# Task:
Keep the images out while you retype all of the data exactly.

# Data:

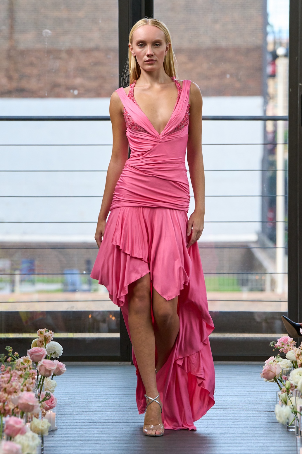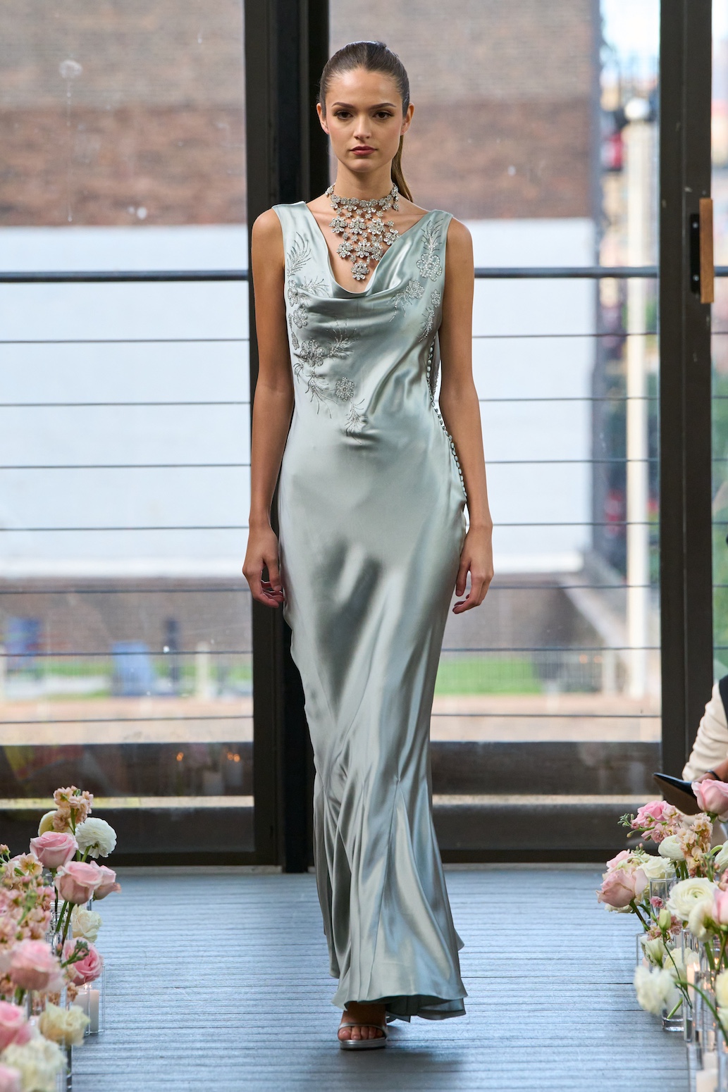 This season’s runway showcased the debut of Janet Mandell’s advanced technology platform, which integrates a Distribution API, the Bestow Consignment Model, and AI-driven SaaS solutions. The Bestow model empowers clients to consign their wardrobes, prolong garment life through rentals, and ultimately sell pieces to the right buyers. Each showroom is equipped with expert tailors, ensuring every garment receives meticulous care and alterations with the precision of a couture atelier.
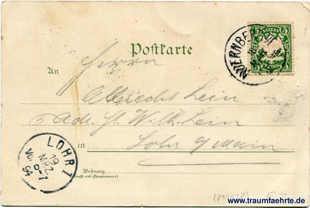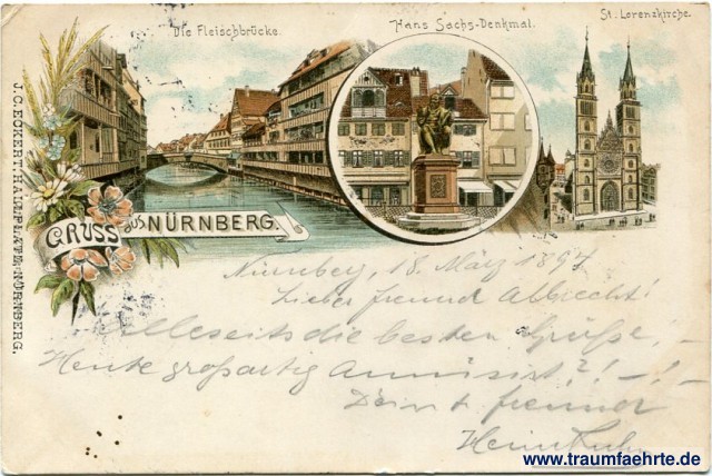 – Details – Year: ca. 1890 Postal state: postally used 1894 Inscription front: Gruss aus Nürnberg, Die Fleischbrücke, Hans Sachs-Denkmal. St. Lorenzkirche. J. C. Eckert. Hallplatz, Nürnberg. Ottmar Zieher, München. Inscription back: Postkarte, An ... in ... Wohnung (Straße und Hausnummer) ... Postmark(s): Nuernberg, 18 Mar [...]; Lohr I, 19 Mrz. 94, Vor 6-7 Please note:
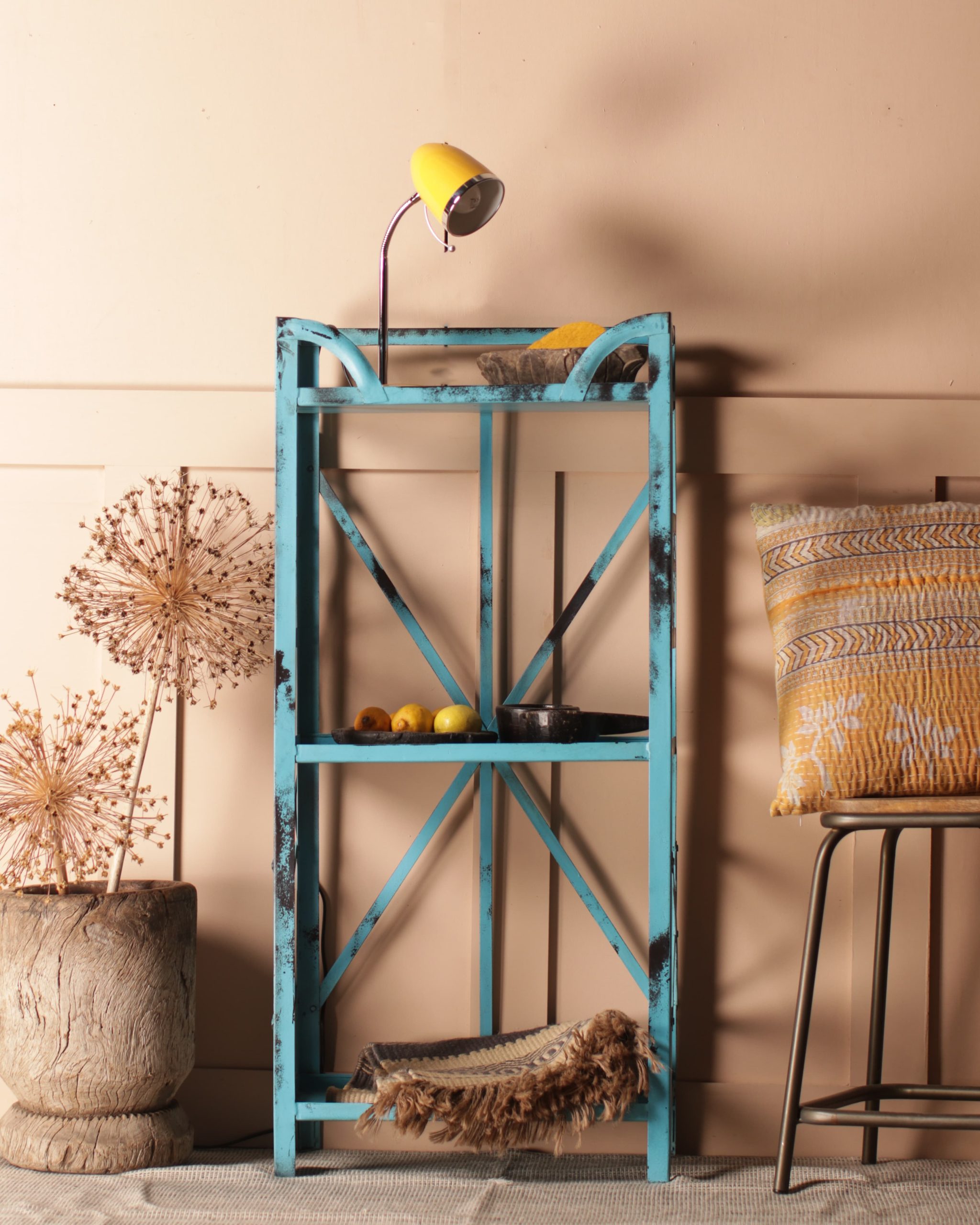 Blending vibrant charm & artisan craftsmanship these Blue Metal Shelves, feature three levels of rustic, durable storage.

# Written solution:
 This season’s runway showcased the debut of Janet Mandell’s advanced technology platform, which integrates a Distribution API, the Bestow Consignment Model, and AI-driven SaaS solutions. The Bestow model empowers clients to consign their wardrobes, prolong garment life through rentals, and ultimately sell pieces to the right buyers. Each showroom is equipped with expert tailors, ensuring every garment receives meticulous care and alterations with the precision of a couture atelier.
 – Details – Year: ca. 1890 Postal state: postally used 1894 Inscription front: Gruss aus Nürnberg, Die Fleischbrücke, Hans Sachs-Denkmal. St. Lorenzkirche. J. C. Eckert. Hallplatz, Nürnberg. Ottmar Zieher, München. Inscription back: Postkarte, An ... in ... Wohnung (Straße und Hausnummer) ... Postmark(s): Nuernberg, 18 Mar [...]; Lohr I, 19 Mrz. 94, Vor 6-7 Please note:
 Blending vibrant charm & artisan craftsmanship these Blue Metal Shelves, feature three levels of rustic, durable storage.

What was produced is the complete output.